Постановления партии и правительства о школе в 1931 и 1932 гг. полностью восстановили в правах систематическое преподавание грамматики. Тем самым были осуществлены чаяния передовой педагогической мысли. Путанице, которую вносили противники преподавания грамматики в дискуссию о «пользе и вреде» грамматических знаний для усвоения орфографии, был положен конец. Освободившись от пут ложных теорий, сковавших прогрессивное развитие дела обучения и воспитания, ра-

 

ботники педагогического фронта всю свою энергию отдали решению тех новых задач, которые были поставлены перед школой этими постановлениями.

Борьба за культуру устной и письменной речи, за орфографическую грамотность письма стала одной из первоочередных задач школы.

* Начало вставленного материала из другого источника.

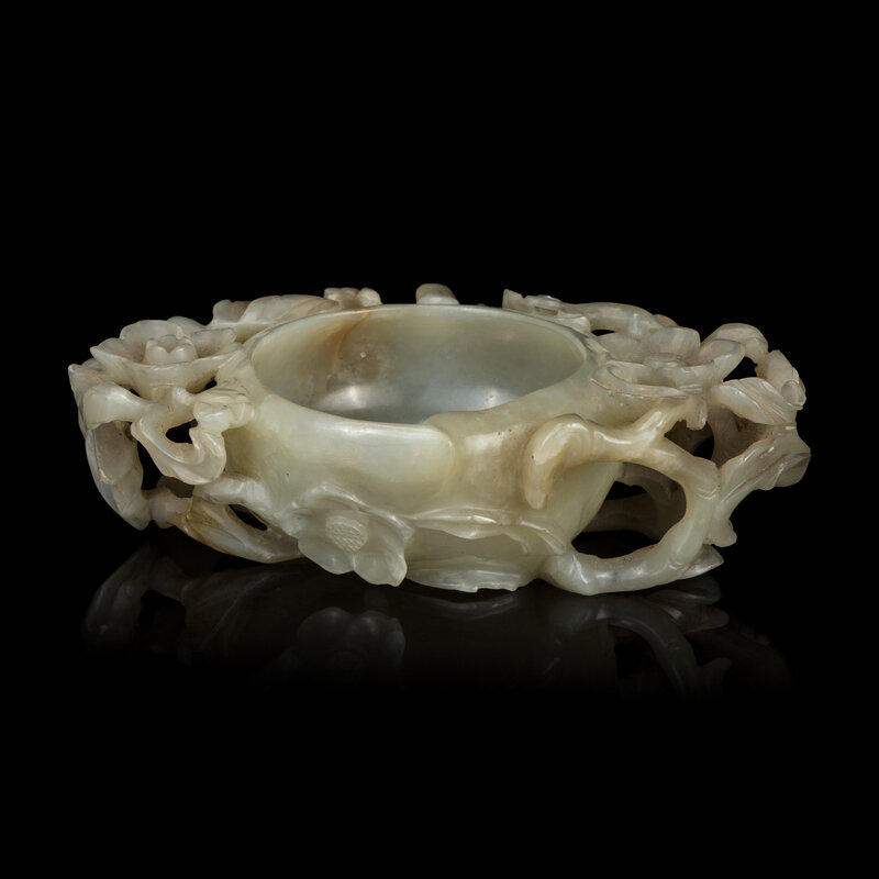 Carved to the exterior of the cup with entwined flowering prunus branches.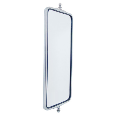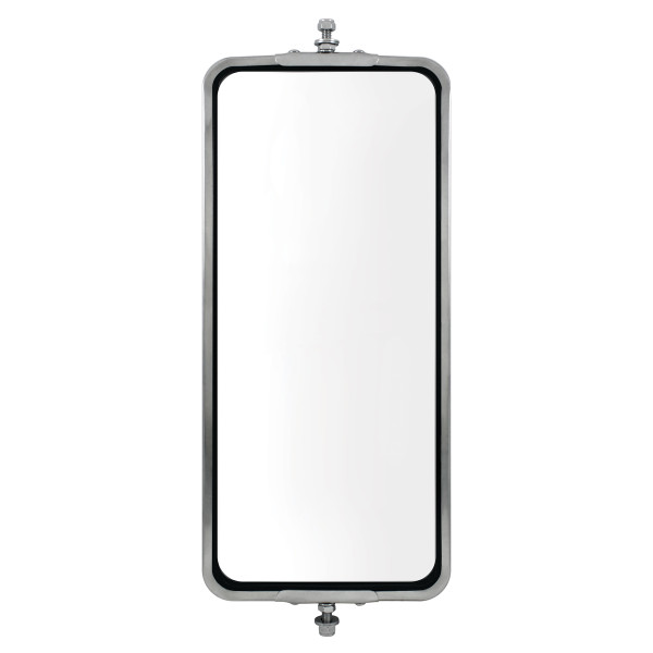 "West Coast" style mirror with dual funtion LED light. Highly polished 430 stainless steel finish for durability and shine. 12 volt heated mirror and LED. Threaded mounting studs are 5/16 dia.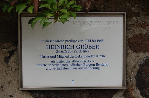 Das Büro Grüber unterstand der Aufsicht durch Adolf Eichmann, des Organisators der jüdischen Transporte in die Vernichtungslager. Bei einem Gespräch habe der SS-Offizier ihn aufgefordert zu erklären, warum er sich für diese Juden einsetzt, berichtete Grüber später. Er habe doch keine jüdische Verwandtschaft, und er habe es auch nicht nötig, für diese Menschen einzutreten, niemand werde ihm diesen Einsatz danken. Der Pfarrer antwortete, Gott habe ihm genau das zur Aufgabe gemacht. Grüber ließ sich nicht einschüchtern, wurde 1940 verhaftet und kam erst ins KZ Sachsenhausen und dann ins KZ Dachau, von wo aus er 1943 schwerkrank entlassen wurde. Unter strengen Auflagen durfte er in Kaulsdorf weiter amtieren. Am 22. April 1945 ging er mit weiteren Unerschrockenen der einmarschierenden Roten Armee entgegen und half so Blutvergießen bei der Übergabe des Berliner Ortsteils zu verhindern.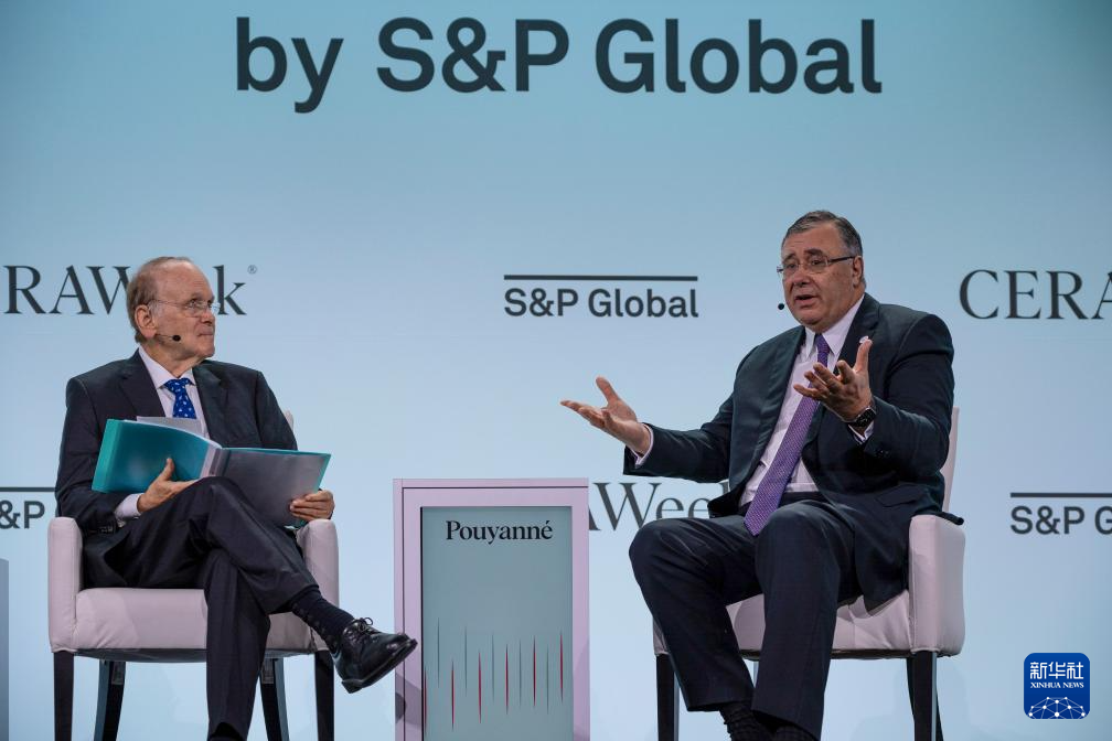 3月18日,法國(guó)道達(dá)爾能源首席執(zhí)行官帕特里克·普亞納(右)在美國(guó)休斯敦舉行的能源界高端會(huì)議“劍橋能源周”上分享觀(guān)點(diǎn)。新華社發(fā)(陳晨攝)

В области обучения орфографии задача повышения успеваемости прежде всего потребовала разработки таких методов обучения, которые наилучшим способом могли использовать те знания, которые давались учениками на уроках грамматики. Многие методы, разработанные ранее грамматистами, нашли при этом свое применение, но вместе с тем была начата большая теоретическая и практическая работа по дальнейшему улучшению обучения на основе связи грамматики с орфографией.

К сожалению, мы не знаем работ, освещающих историю развития методики орфографии этого периода существования советской школы. Но надо полагать, что в основном то новое, что было сделано в этот период, связано прежде всего с разработкой вопросов дифференцированного подхода к обучению орфографии.

Вопрос о дифференциации методов обучения орфографии исторически был тесно связан с изучением особенностей русской орфографии. Работы Томсона продолжали другие лингвисты (Д. Н. Ушаков, В. А. Богородицкий, Л. В. Щерба и др.). В результате их исследований были намечены три основных принципа русской орфографии: фонетический, этимологический (или морфологический) и традиционный (или исторический). В наиболее распространенном толковании проявление фонетического принципа усматривалось в подчинении орфографического написания орфоэпическому произношению; к орфограммам традиционного написания относили написания, не имеющие грамматических аналогий, встречающиеся наиболее часто в словах иностранного происхождения; наконец, морфологическими написаниями считали написания орфограмм, единообразно обозначающих одни и те же морфемы, независимо от их произношения.

В соответствии с различной языковой природой этих трех видов орфограмм методистами рекомендовались различные методы их изучения: фонетическая орфография требовала изучения методами, основывающимися на

 

слуховом и речедвигательном анализе слов, традиционная – на зрительно-двигательном запоминании, а морфологическая – на изучении грамматических правил.

Однако различение методов при обучении правописанию орфограмм, соответствующих этим трем принципам русской орфографии, нельзя полностью считать достижением данного периода развития методики. Известно, что еще Буслаев и Ушинский выделяли орфограммы, для которых достаточно знать общее правило: «Пиши, как слышишь», а Тихомиров и некоторые другие грамматисты указывали на необходимость запоминать отдельные слова, не охватываемые правилами. Как среди грамматистов, так и среди их противников характер усвоения этих орфограмм не вызывал особых сомнений. Как мы видели, споры и дискуссии велись вокруг методов обучения правописанию морфологических написаний.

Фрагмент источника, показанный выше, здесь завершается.